It happens every day—individuals and families all over America leave town. It may be just for a day, a week or a month, but sometimes it is permanently. The fact is they leave your community bank’s geographic footprint on a regular basis.

In today’s mobile technology, however, banking relationships can be amazingly portable. As a community bank, is it possible to maintain and even build a high-touch, profitable relationship when your best customers don’t live in your footprint anymore? Absolutely!

Let’s face it, as a customer, if you’ve ever had to undo a banking relationship, you understand the inconvenience, aggravation and utter determination it takes to disengage. There’s the bill payment that’s set up and working perfectly, as well as your direct deposits and other ACHs, some even forgotten because they may happen only once a year. From the community bank’s perspective, you’ve invested time and money providing financial services. You’ve also built a relationship learning more than your customer’s name; you’ve established a strong bond.

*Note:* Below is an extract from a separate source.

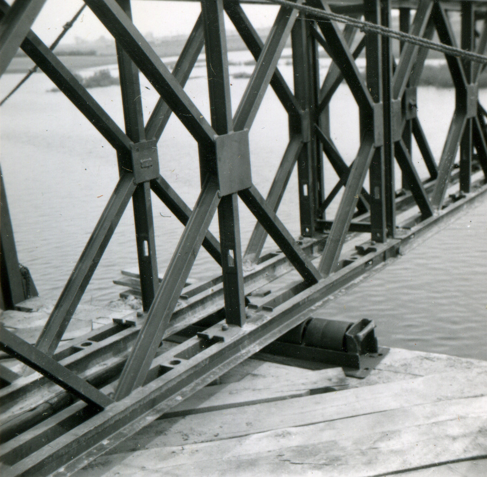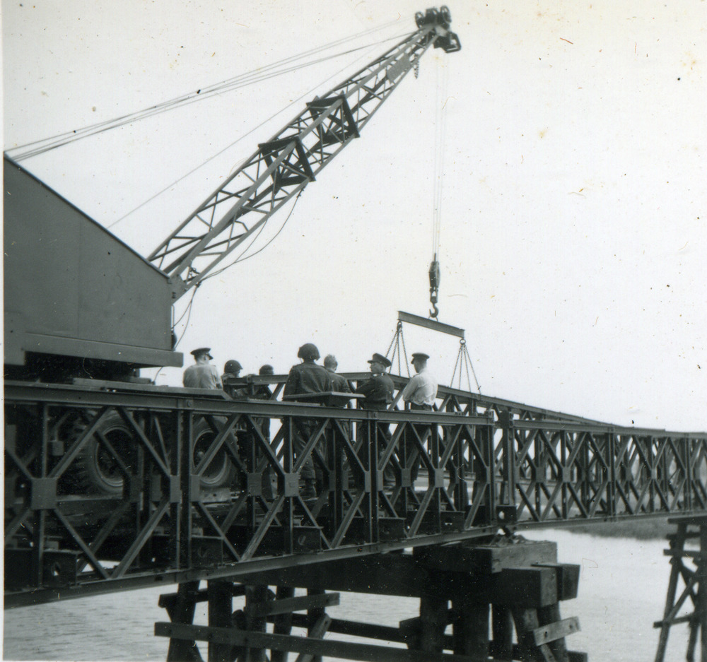 Zwart-wit foto van de Genietroep die de Baileybrug a...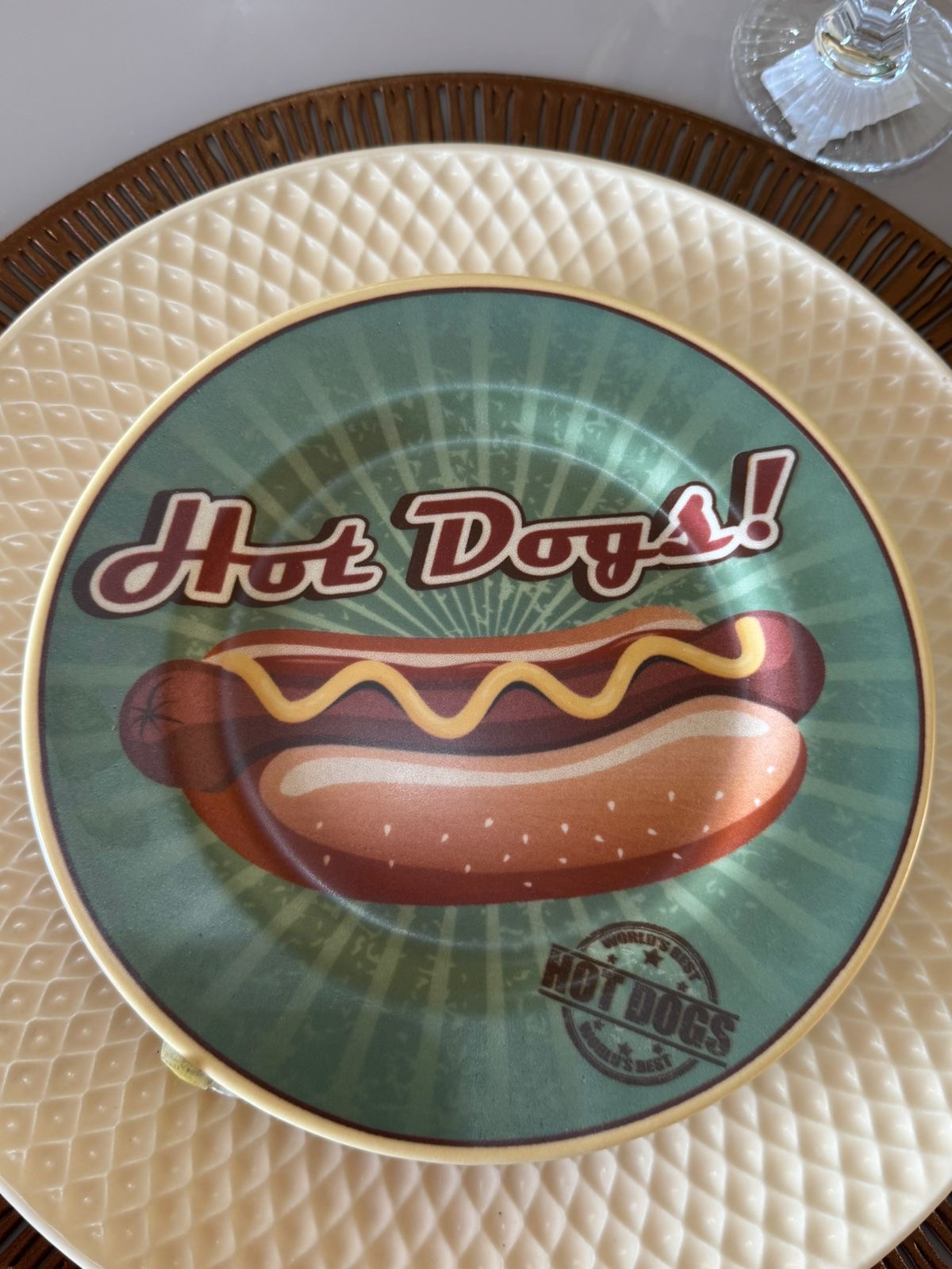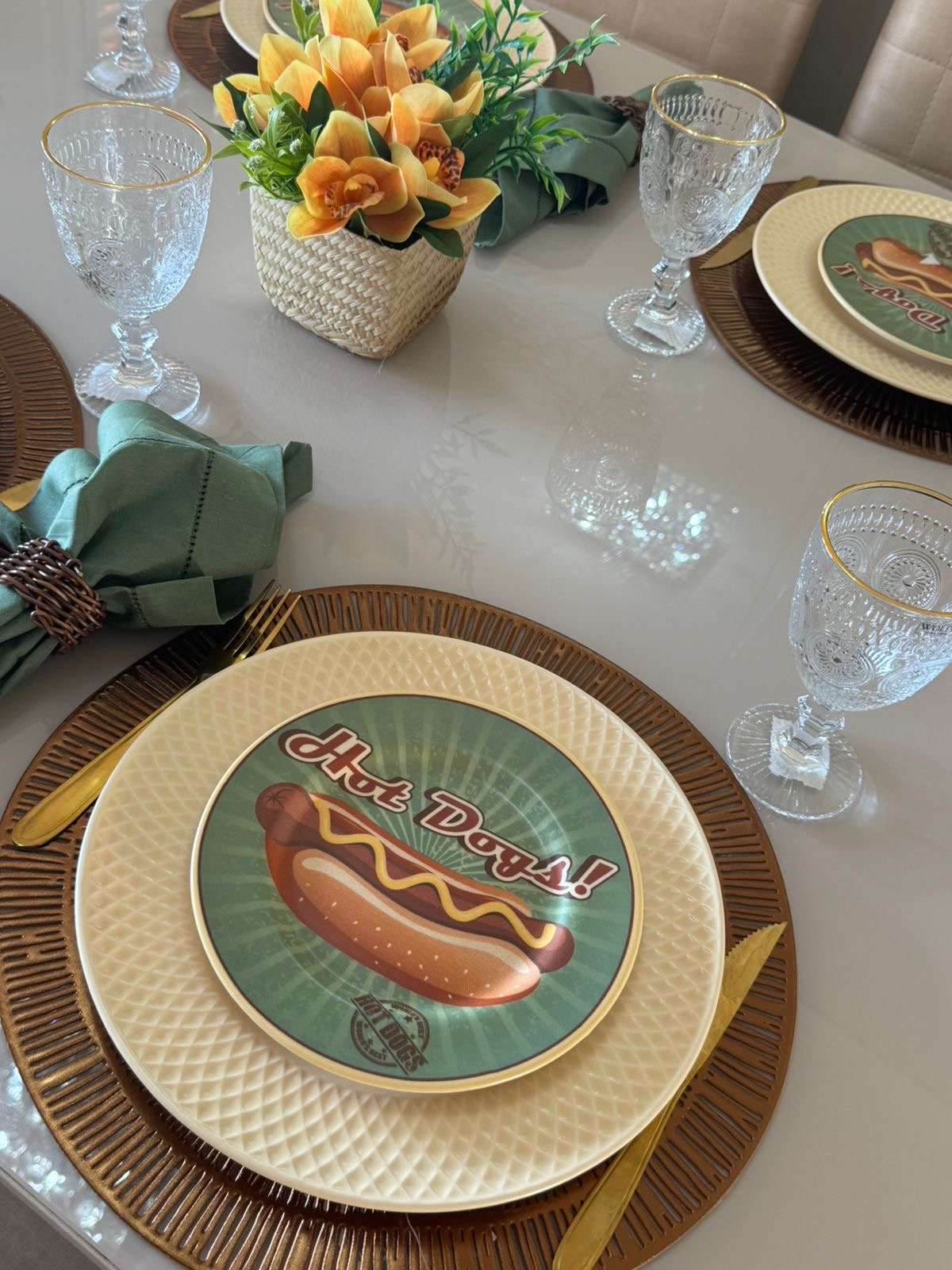 Prato de sobremesa feito de cerâmica, com estampa de Hot dog, a sua mesa posta ainda mais divertida e convidativa.

The reality is nobody wants to end a perfectly good relationship just because of a ZIP code change. Sixty-four percent of adults in America have a smartphone, according to a Pew Research Center survey in October 2014. Mobile devices, along with key product offerings, add an amazing amount of miles to “Main Street” by extending the community banking relationships you and your customers have worked so hard to establish.

  • Need to make a deposit? Remote deposit capture.
  • Need to get cash? Fee-free ATM network.
  • Need to borrow money for a new car, boat, house? Website-based application using a smartphone or computer.
  • Everyday spending? Bank-issued credit cards and debit cards.
  • Mobile payments like ApplePay and PayPal? Bank-issued credit cards and debit cards.

To be honest, marketing your community bank as a full-service provider is no longer enough; winning and retaining customers is now about making it known you can provide those services wherever and whenever customers may need them.

This means beefing up your in-branch signage and marketing to let customers know about the many access points they can use through mobile technology and the Web. This means paying closer attention to customers’ address changes and reaching out personally to those who no longer live nearby to tell them how to use your remote services to keep their relationships convenient. This means making sure all of your financial products and services are promoted and discussed when customers open an account. This means keeping your website up-to-date to include current promotions and rate details. And for that extra-special touch, put the local temperature and weather on your website to give those who aren’t there a little reminder of home.

You may be surprised to know that your best customers aren’t in any hurry to lose their relationship with you just because they now live in a different town or completely different state. They may actually dread undoing a relationship they love and starting all over somewhere else.

Sometimes they may just want to pick up the phone from wherever they are to hear your friendly voice say, “Hello, how can I help you?”